WHAT THE EXERCISE ASKS - Copy the records below exactly, starting at the line that contains "金海夕鱼钩散钩1#-13#散装高碳钢平打进口有/无倒刺野钓筏钓" and ending at the line that contains "Ausblick: Das Währungspaar"; leave out any pictures.
------
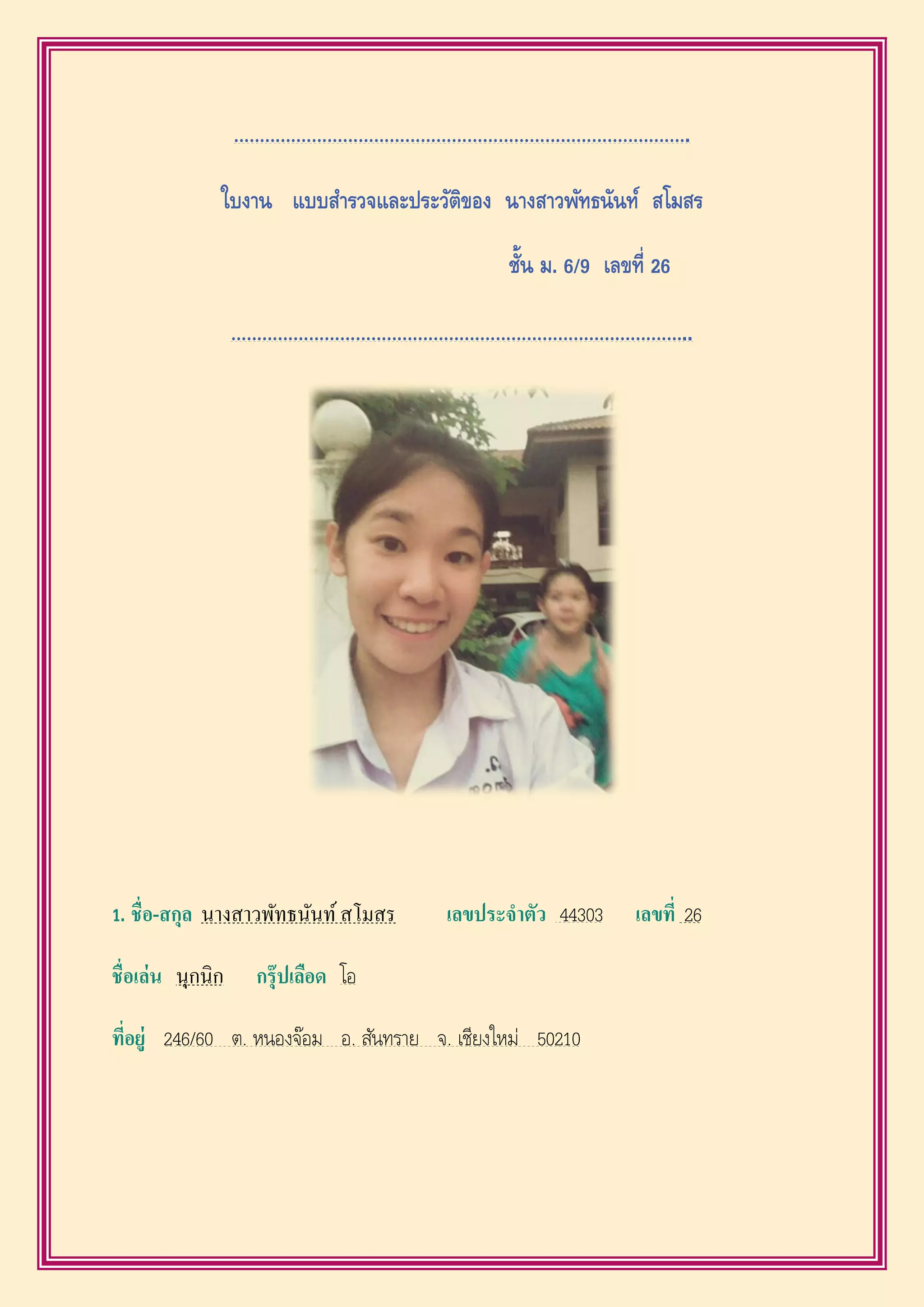 สโมสร ชั้น ม. 6/9 เลขที่ 26 …………………………………………………………………………….. 1. ชื่อ-สกุล นางสาวพัทธนันท์สโมสร เลขประจำตัว 44303 เลขที่ 26 ชื่อเล่น นุกนิก กรุ๊ปเลือด โอ ที่อยู่ 246/60 ต. หนองจ๊อม อ. สันทราย จ. เชียงใหม่ 50210
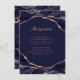 Elegant Agate Navy Rose Gold Wedding Reception Begleitkarte
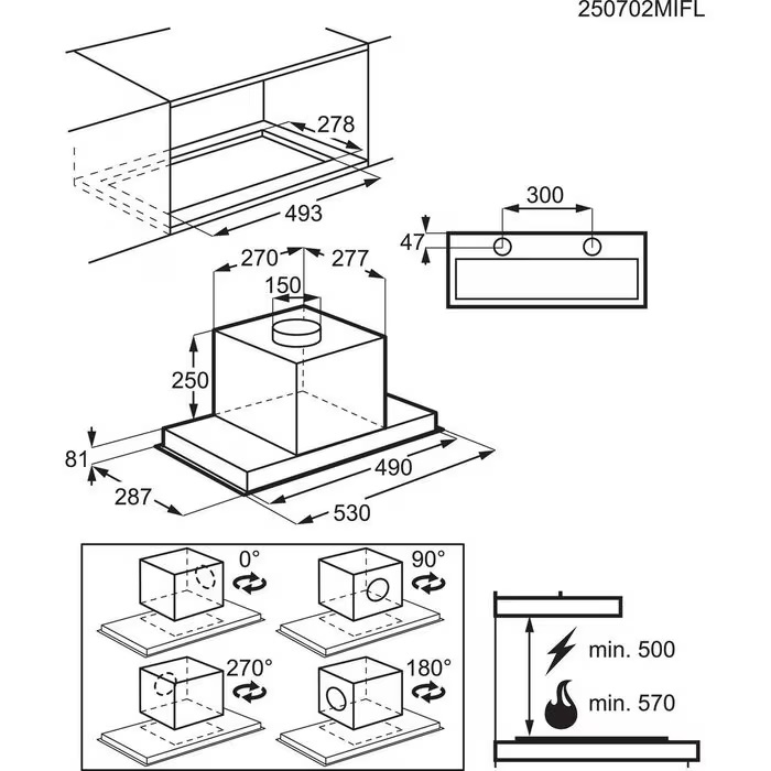 - ▪ Два режими очищення — зовнішнє витягування або рециркуляція повітря з вугільним фільтром (додаткова комплектація).
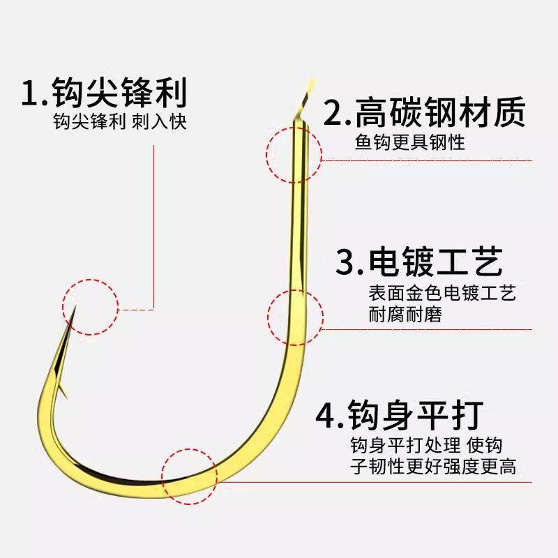金海夕鱼钩散钩1#-13#散装高碳钢平打进口有/无倒刺野钓筏钓
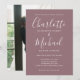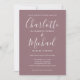 Con nombres de estilo de firma destacados, esta elegante invitación de boda se puede personalizar con su información en letra blanca chic sobre un fondo de color mauve con la foto elegida en el reverso. Puede personalizar el color de fondo para que coincida con el tema de su boda. Diseñado por Thisisnotme©
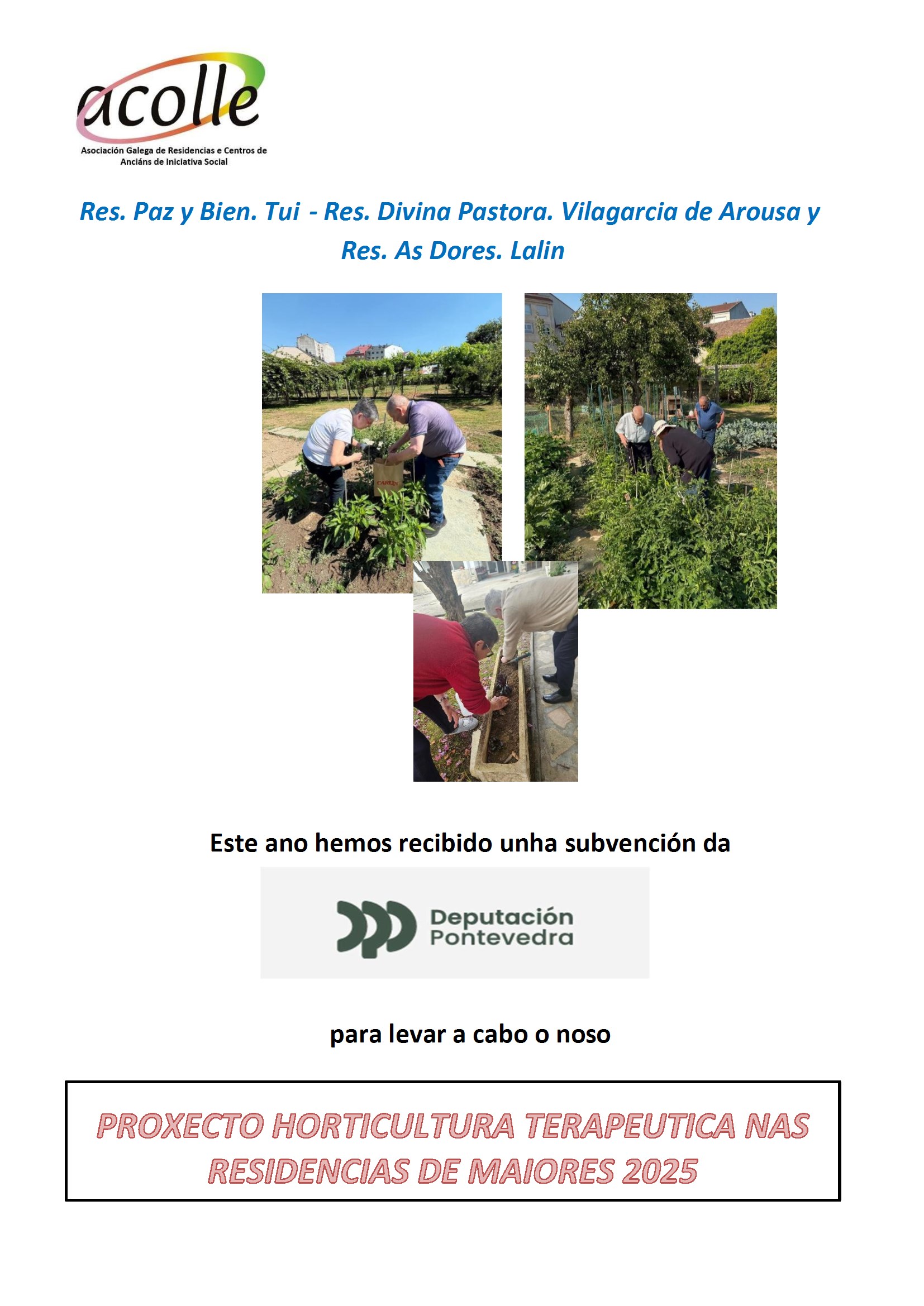 Proyecto HORTICULTURA TERAPEUTICA EN RESIDENCIAS llevado a cabo durante todo el año  2025 en las Residencias de la Provincia de Pontevedra de LALIN, TUI y VILAGARCIA DE AROUSA.
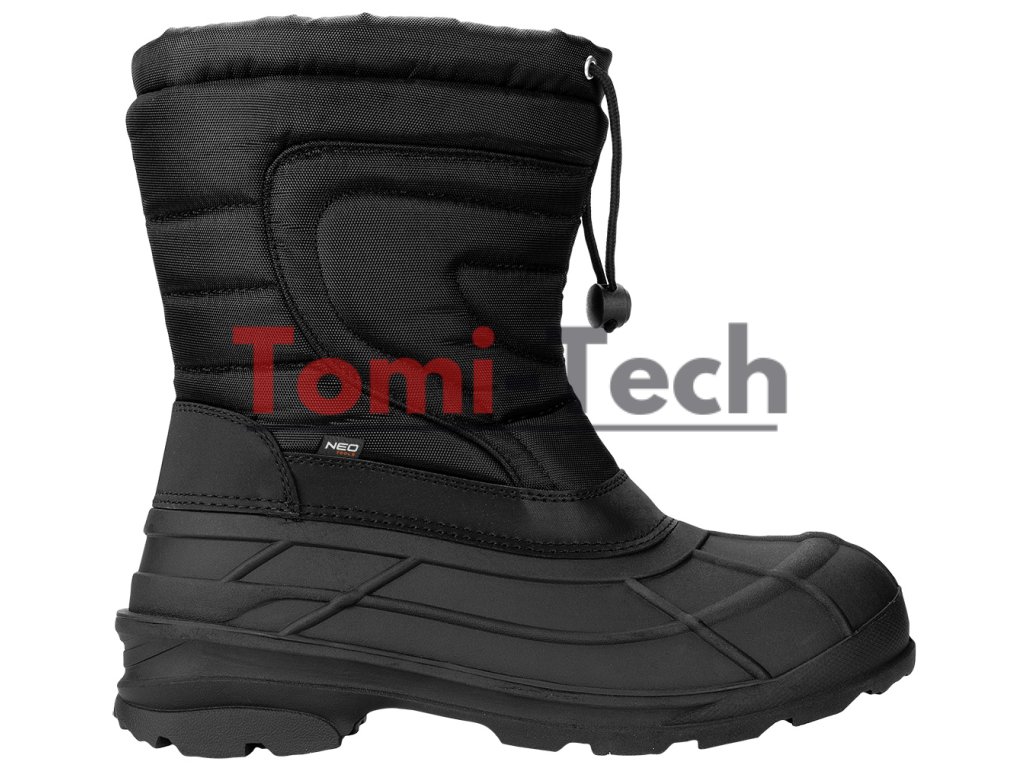 Pánske nazúvacie snehule, polyesterová tkanina a TPR guma, zateplené, špeciálna konštrukcia pre jednoduché nasadenie chodidla, zvršok zakončený sťahovacou šnúrkou s obmedzovačom pre nastavenie obvodu, odolné voči snehu a vode, protišmyková podrážka, veľkosť 45Dodatočné parametre
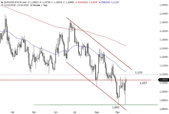 Ausblick: Das Währungspaar EUR/USD zeigt sich seit Wochen schwach und ist in den Vortagen unter die wichtige Marke von 1,10 USD gerutscht. Damit wurde die bisherigeSchwäche weiter unterstrichen. Kurzfristige Aufwärtskorrekturen sollten nicht über die übergeordnete Schwäche hinwegtäuschen. Die Short-Szenarien: Das Währungspaar bleibt schwach und rutscht nachhaltig unter die wichtige Marke von 1,10 USD. In derFolge dürfte dann die grosse Unterstützung bei 1,08 USD angelaufen werden. Darunter würde als nächste Unterstützung der Bereich um 1,0560 USD bis 1,0500 USD folgen. Die Long-Szenarien: Das Währungspaar kann den Doppelboden im Bereich von 1,092 USD nutzen und sich im Verlauf über der Marke von 1,10 USD halten. Dann wäre ein Anstieg bis zum Widerstand bei 1,107 USD zu erwarten. Darüber dürfte das Währungspaar bis in den Bereich von 1,1100 USD ansteigen. Spätestens dann dürfte es aber wohl wieder bergab gehen. Eine Änderung der bearishen Gesamtlage würde sich erst über 1,1300 USD ergeben.
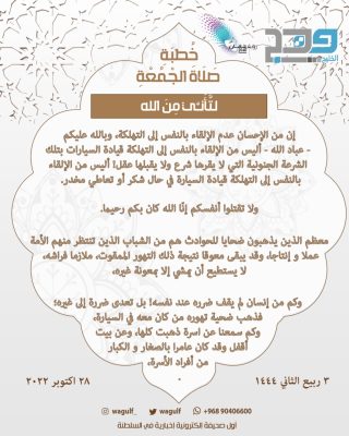 ⁃ إن من الإحسان عدم الإلقاء بالنفس إلى التهلكة، وبالله عليكم – عباد الله – أليس من الإلقاء بالنفس إلى التهلكة قيادة السيارات بتلك الشرعة الجنونية التي لا يقرها شرع ولا يقبلها عقل! أليس من الإلقاء بالنفس إلى التهلكة قيادة السيارة في حال شكر أو تعاطي مخدر.
------
SOLUTION FOR THIS EXERCISE -
金海夕鱼钩散钩1#-13#散装高碳钢平打进口有/无倒刺野钓筏钓
 Con nombres de estilo de firma destacados, esta elegante invitación de boda se puede personalizar con su información en letra blanca chic sobre un fondo de color mauve con la foto elegida en el reverso. Puede personalizar el color de fondo para que coincida con el tema de su boda. Diseñado por Thisisnotme©
 Proyecto HORTICULTURA TERAPEUTICA EN RESIDENCIAS llevado a cabo durante todo el año  2025 en las Residencias de la Provincia de Pontevedra de LALIN, TUI y VILAGARCIA DE AROUSA.
 Pánske nazúvacie snehule, polyesterová tkanina a TPR guma, zateplené, špeciálna konštrukcia pre jednoduché nasadenie chodidla, zvršok zakončený sťahovacou šnúrkou s obmedzovačom pre nastavenie obvodu, odolné voči snehu a vode, protišmyková podrážka, veľkosť 45Dodatočné parametre
 Ausblick: Das Währungspaar EUR/USD zeigt sich seit Wochen schwach und ist in den Vortagen unter die wichtige Marke von 1,10 USD gerutscht. Damit wurde die bisherigeSchwäche weiter unterstrichen. Kurzfristige Aufwärtskorrekturen sollten nicht über die übergeordnete Schwäche hinwegtäuschen. Die Short-Szenarien: Das Währungspaar bleibt schwach und rutscht nachhaltig unter die wichtige Marke von 1,10 USD. In derFolge dürfte dann die grosse Unterstützung bei 1,08 USD angelaufen werden. Darunter würde als nächste Unterstützung der Bereich um 1,0560 USD bis 1,0500 USD folgen. Die Long-Szenarien: Das Währungspaar kann den Doppelboden im Bereich von 1,092 USD nutzen und sich im Verlauf über der Marke von 1,10 USD halten. Dann wäre ein Anstieg bis zum Widerstand bei 1,107 USD zu erwarten. Darüber dürfte das Währungspaar bis in den Bereich von 1,1100 USD ansteigen. Spätestens dann dürfte es aber wohl wieder bergab gehen. Eine Änderung der bearishen Gesamtlage würde sich erst über 1,1300 USD ergeben.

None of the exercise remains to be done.